Amy borrowed a box iron from an English nurse she was sharing with and pressed her spare uniform before having a quick sponge wash.

“Ready?” Kathleen, whose room was next door, called out from the passageway.

“Yes, just a moment.” Amy adjusted her hat in the mirror. “See you when I get back, Beth.”

“I think you might be late.” The English nurse glanced up from writing in her diary. “Kathleen loves the Paris night life.”

Their party numbered six in all. Three young lieutenants and three nurses. Cliff’s friends were James and Ian, both English artillery officers like him. Mary was a New Zealand nurse like Kathleen.

“Looks like I’m the only Aussie.” Amy smiled at James as they all crammed into the staff car Cliff had borrowed.

They drove along at a goodly speed and within a short time passed down the Rue de Rivoli. How many times had she dreamed of visiting Paris at night, but unfortunately the cheerful young lieutenant wasn’t Mark.

Don’t be such an idiot.
She scolded herself for thinking about him after the callous few lines he had written. Even though it was foolish, she’d written him several times but received nothing back. Mark had deliberately, cold-bloodedly, severed all contact between them.

Cliff pulled up in front of a plain-looking estaminet. A dinner-suited waiter came to escort them inside. No ordinary café this, with its oval tables set with snowy cloths and gleaming silverware. The chairs were of some dark, extensively carved wood, the seats padded with crimson velvet.

Cliff ordered French Champagne. As Amy sipped hers, she discreetly observed the other patrons. The men, mainly officers, were in uniform and accompanied by well-dressed ladies.

Loud female laughter came from a table set against the back wall. She glanced over at the two garishly dressed women. One wore peacock blue silk, the other buttercup yellow.

“Such bright colors look cheap, don’t you think, Amy?” Kathleen said.

“Yes, they do.”

“Nothing cheap about those ladies. You need plenty of money to afford them.” Ian snickered.

“You mean they’re prostitutes?” Kathleen voiced the question Amy could not bring herself to ask.

“You could call them that, I suppose, but high class.”

“Oh, shut up about it, Ian,” James chipped in, sounding embarrassed.

“Yes, let’s order,” Cliff suggested.

During their meal, Amy found herself watching the two attractive young women. She could not clearly see the two officers who were with them because of the shadows cast by the gas wall lamps.

A piece of roast duckling nearly choked her when one of the officers stood to help his companion rise. No mistaking the arrogant carriage of his head, the sheer male perfection of his tall frame.

“Mark!” She watched with a feeling of sick betrayal as he spoke to his companions before striding toward their table.

****

“Amy!” God, she was beautiful, exactly the way he remembered her. His gut clenched with the pain of seeing her again, even as his heart leapt. He had prayed never to see her again because he wouldn’t be strong enough to let her go a second time.

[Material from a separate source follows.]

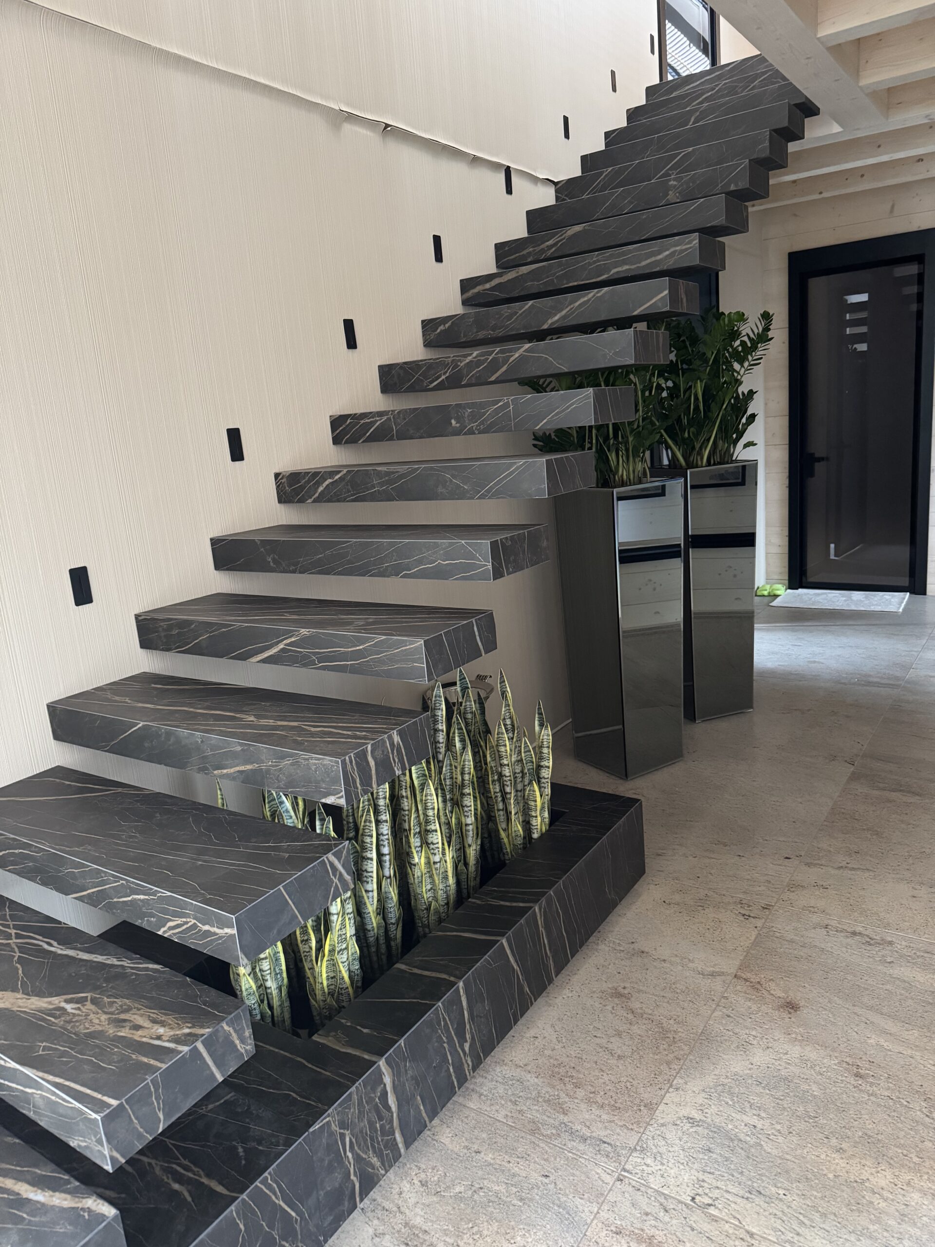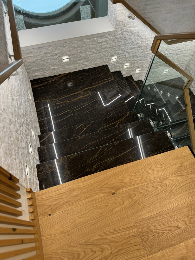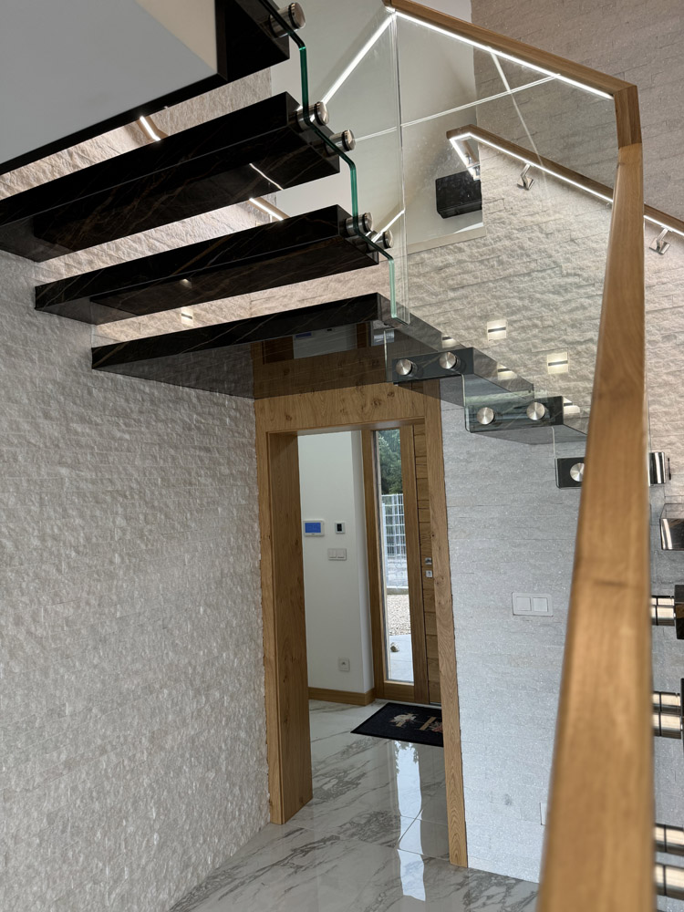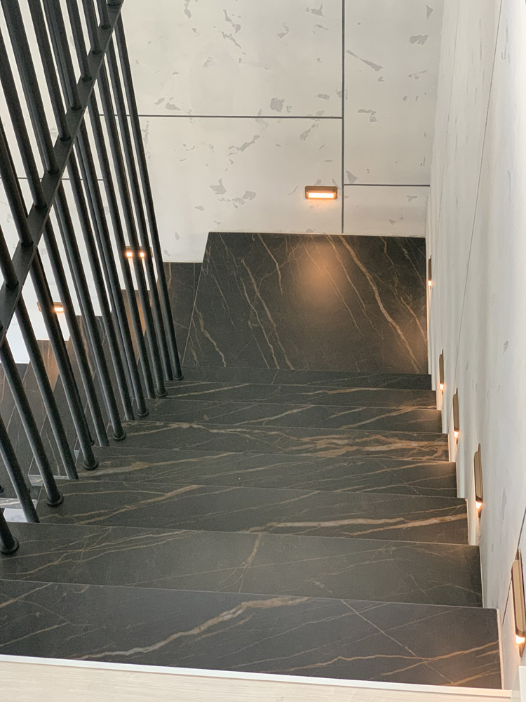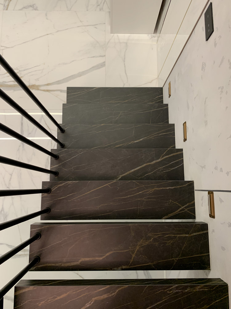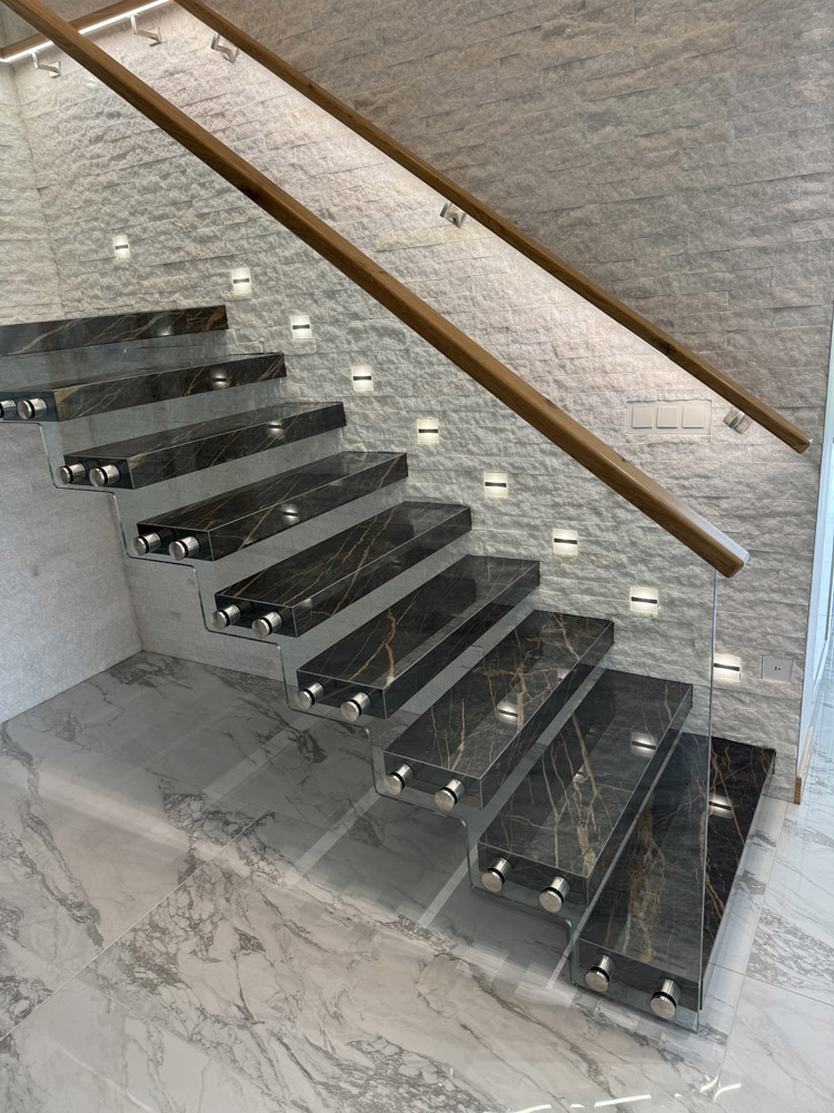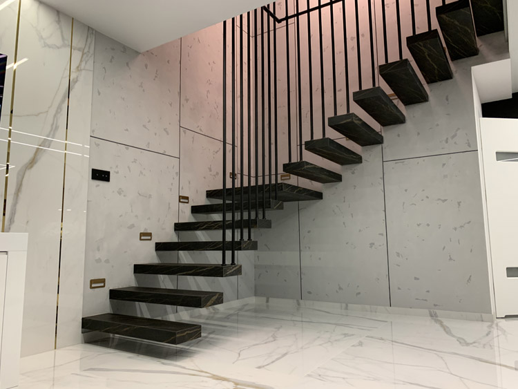 Strep - nowoczesne schody półkowe ze spieku kwarcowego

“What are you doing here?” His eyes devoured her. “I thought you were working in one of the field hospitals.”

“I came up with a trainload of wounded, and my friends invited me out for the evening. Everyone, this is Captain Mark Tremayne, an, um, an acquaintance of mine from Australia.”

“Good evening.” Mark forced himself to greet them civilly when all he really wanted to do was punch them on the nose because they were with Amy and he wasn’t.

“I thought you were still in England,” she said.

“I arrived here last week. I’m having a few days leave before rejoining my unit.”

“Have an enjoyable time.”

“How long are you staying in Paris?” he asked stiltedly.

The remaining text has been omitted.